◆ Task: Exact wording is required: transcribe all the entries and leave the images out.

◆ The input:
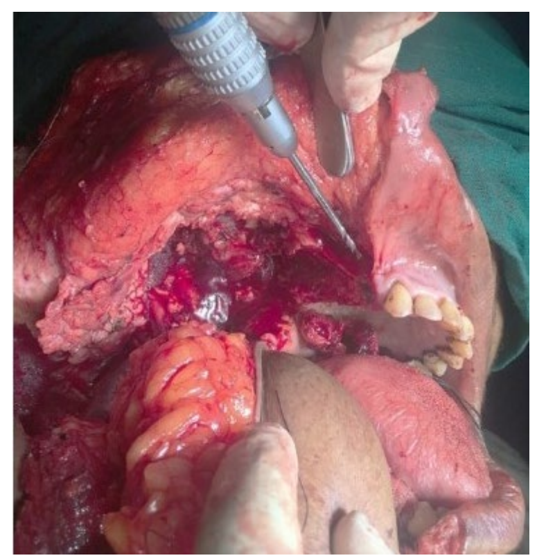
Fig. 1: Placing drill holes in the alveolus of Maxilla in Study group
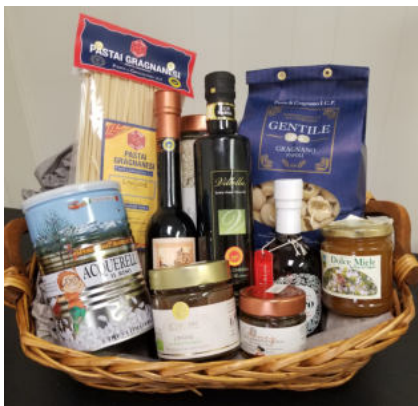
Small size Basket 10-12 items Around $ 149

With all our items we can make, at your taste, outstanding Gift Baskets. We also prepare Gourmet Boxes with our Cheeses, Charcuterie, fresh Truffles and Caviar. Let's us know in advance!
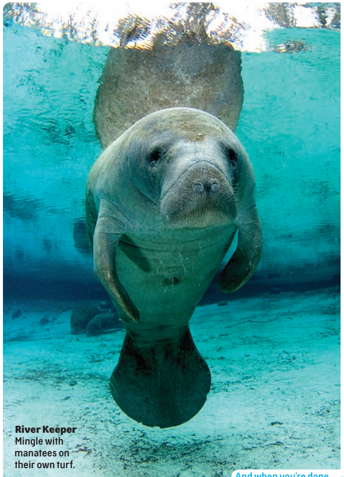
River Keeper Mingle with manatees on their own turf.

They're called the cows of the sea, and for good reason. Weighing in at a hefty 1,200 pounds, Florida manatees spend much of the year in the temperate waters of Crystal River, about 90 minutes northwest of Orlando. Like their bovine counterparts, they munch on (sea) grass, consuming about 10 percent of their body weight daily. Due to their easygoing nature, manatees have become popular swimming companions. Captain Mike's Sunshine River Tours offers visitors the opportunity to float alongside the slow-moving endangered species in their own habitat, providing wetsuits, snorkels, masks, and a boat ride to the secluded Three Sisters Springs, a favorite manatee haunt. "Manatees are the only mammals I know of that will let you get between them and their calves," says Captain Rick Apple. "They're very inquisitive and friendly." manateeswimtours.com
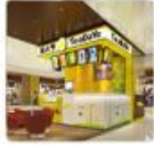
Milk tea shop
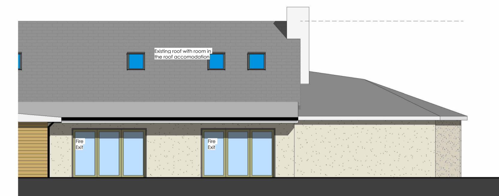
3 South 1 : 100
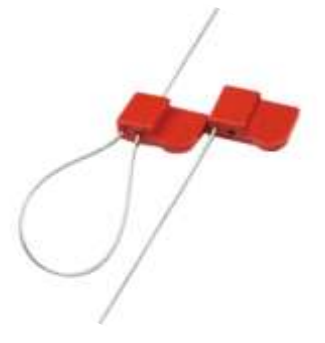
RFID ABS steel tag
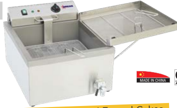
Ideal For Donut and Funnel Cakes
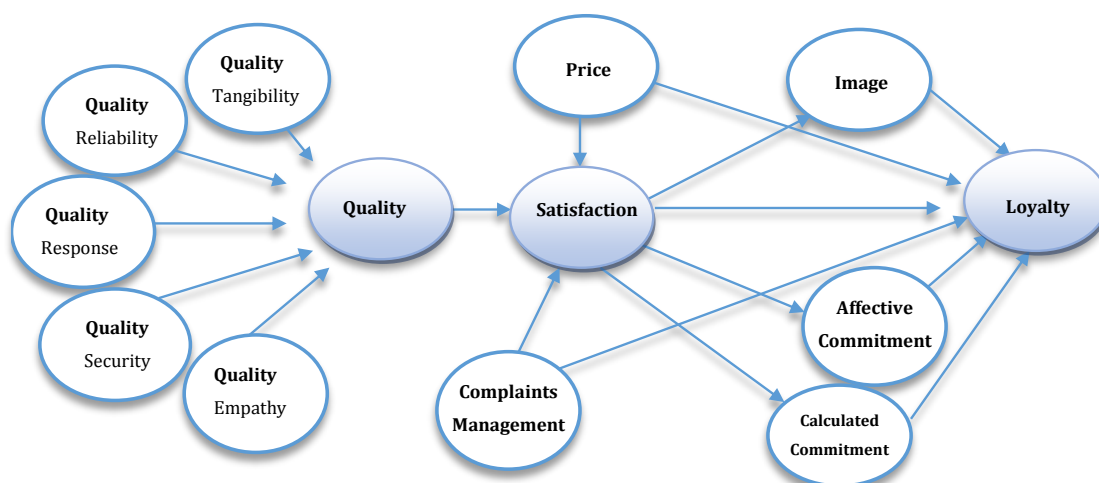
Figure 1 - Conceptual Model
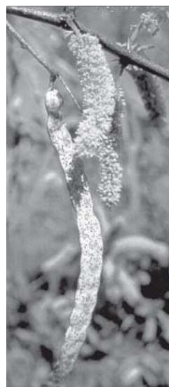
Mesquite flowers and seed pod
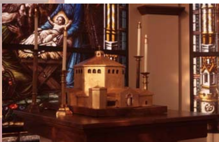
Tabernacle as Church

The baptistry takes the ancient octagonal form, and is sunken three steps to represent Jesus' three days in the tomb. Each element of the building is articulated in a harmonious integration of form, creating a true sense of the "church", both as the "community" and as the "sacrament".
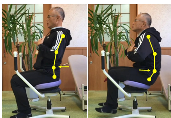
Figure 2 Side view of the practice for the flexibility of chest-lumbar region by Murakami.

There appear to be four necessary factors to this movement. They are 1) there is an overall flexibility of the neck, chest, lumbar and pelvic lines, 10 2) this range has a somewhat wide range of motion, 3) this movement is smooth and interlocking 16 and 4) there is an increased agility of the movement in rather wider flexible region. 17 When these 4 factors can work together, an athlete can run fast smoothly without injuries.
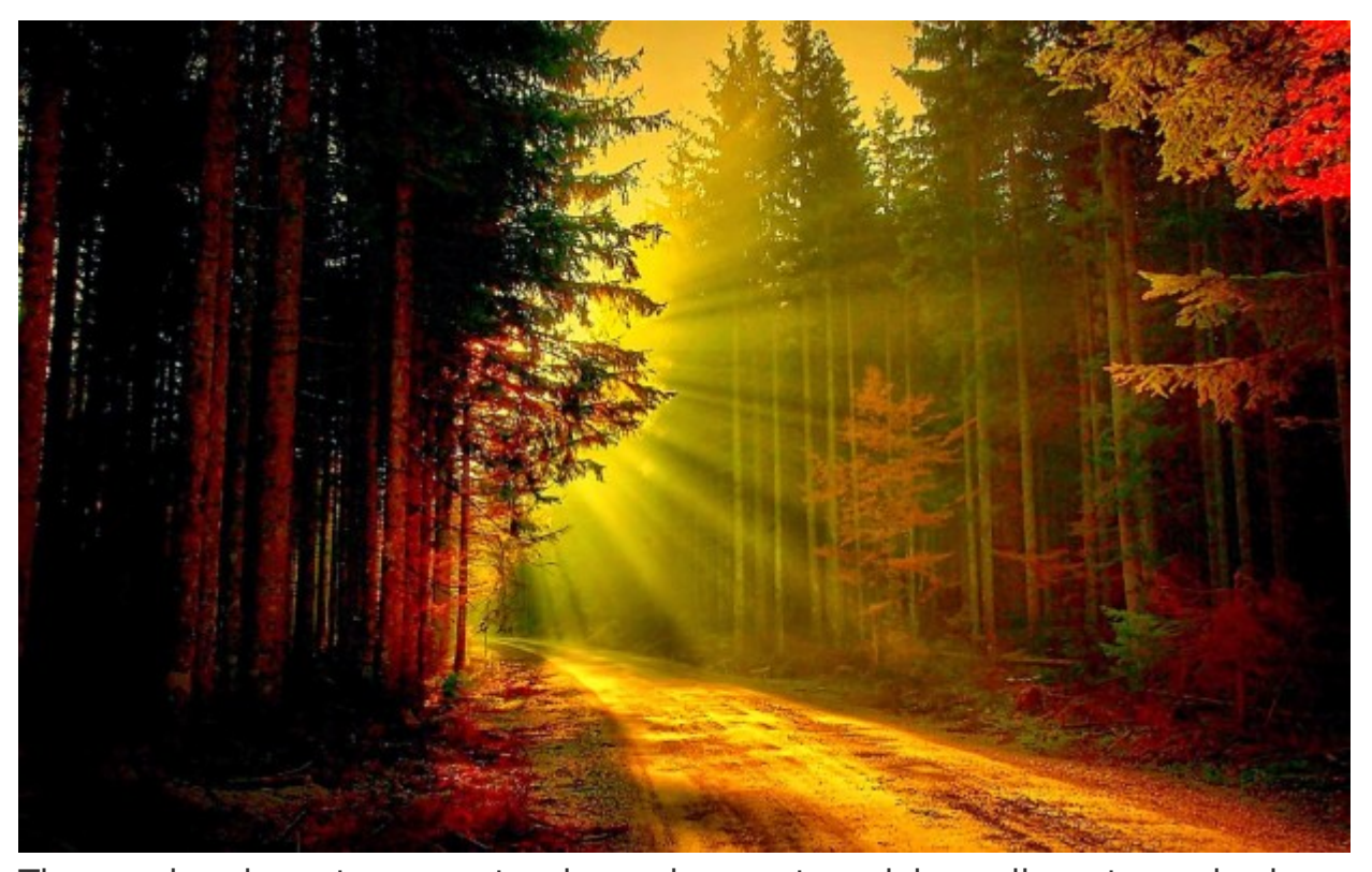
Those who do not encounter inward or outward impediments and who see that
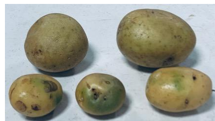
Figure 1. Tuber greening in potato tubers following light exposure.

Glycoalkaloid levels higher than 200 milligrams per kilogram in fresh potatoes are unsafe. The Joint FAO/WHO Expert Committee on Food Additives — an international panel of experts with the Food and Agriculture Organization of the United States (FAO) and the World Health Organization (WHO) — considers a glycoalkaloid level below 100 milligrams per kilogram of fresh potatoes not a concern. Low levels of glycoalkaloids can cause abdominal pain, diarrhea, sweating, bronchospasm, vomiting and other gastrointestinal discomfort. Higher doses of glycoalkaloids lead to acute intoxication. Severe symptoms include neurological disorders, rapid pulse, low blood pressure, coma or death. Glycoalkaloids can remain in the body for more than 24 hours after ingestion.

◆ Your response:
Fig. 1: Placing drill holes in the alveolus of Maxilla in Study group
Small size Basket 10-12 items Around $ 149

With all our items we can make, at your taste, outstanding Gift Baskets. We also prepare Gourmet Boxes with our Cheeses, Charcuterie, fresh Truffles and Caviar. Let's us know in advance!
River Keeper Mingle with manatees on their own turf.

They're called the cows of the sea, and for good reason. Weighing in at a hefty 1,200 pounds, Florida manatees spend much of the year in the temperate waters of Crystal River, about 90 minutes northwest of Orlando. Like their bovine counterparts, they munch on (sea) grass, consuming about 10 percent of their body weight daily. Due to their easygoing nature, manatees have become popular swimming companions. Captain Mike's Sunshine River Tours offers visitors the opportunity to float alongside the slow-moving endangered species in their own habitat, providing wetsuits, snorkels, masks, and a boat ride to the secluded Three Sisters Springs, a favorite manatee haunt. "Manatees are the only mammals I know of that will let you get between them and their calves," says Captain Rick Apple. "They're very inquisitive and friendly." manateeswimtours.com
Milk tea shop
3 South 1 : 100
RFID ABS steel tag
Ideal For Donut and Funnel Cakes
Figure 1 - Conceptual Model
Mesquite flowers and seed pod
Tabernacle as Church

The baptistry takes the ancient octagonal form, and is sunken three steps to represent Jesus' three days in the tomb. Each element of the building is articulated in a harmonious integration of form, creating a true sense of the "church", both as the "community" and as the "sacrament".
Figure 2 Side view of the practice for the flexibility of chest-lumbar region by Murakami.

There appear to be four necessary factors to this movement. They are 1) there is an overall flexibility of the neck, chest, lumbar and pelvic lines, 10 2) this range has a somewhat wide range of motion, 3) this movement is smooth and interlocking 16 and 4) there is an increased agility of the movement in rather wider flexible region. 17 When these 4 factors can work together, an athlete can run fast smoothly without injuries.
Those who do not encounter inward or outward impediments and who see that
Figure 1. Tuber greening in potato tubers following light exposure.

Glycoalkaloid levels higher than 200 milligrams per kilogram in fresh potatoes are unsafe. The Joint FAO/WHO Expert Committee on Food Additives — an international panel of experts with the Food and Agriculture Organization of the United States (FAO) and the World Health Organization (WHO) — considers a glycoalkaloid level below 100 milligrams per kilogram of fresh potatoes not a concern. Low levels of glycoalkaloids can cause abdominal pain, diarrhea, sweating, bronchospasm, vomiting and other gastrointestinal discomfort. Higher doses of glycoalkaloids lead to acute intoxication. Severe symptoms include neurological disorders, rapid pulse, low blood pressure, coma or death. Glycoalkaloids can remain in the body for more than 24 hours after ingestion.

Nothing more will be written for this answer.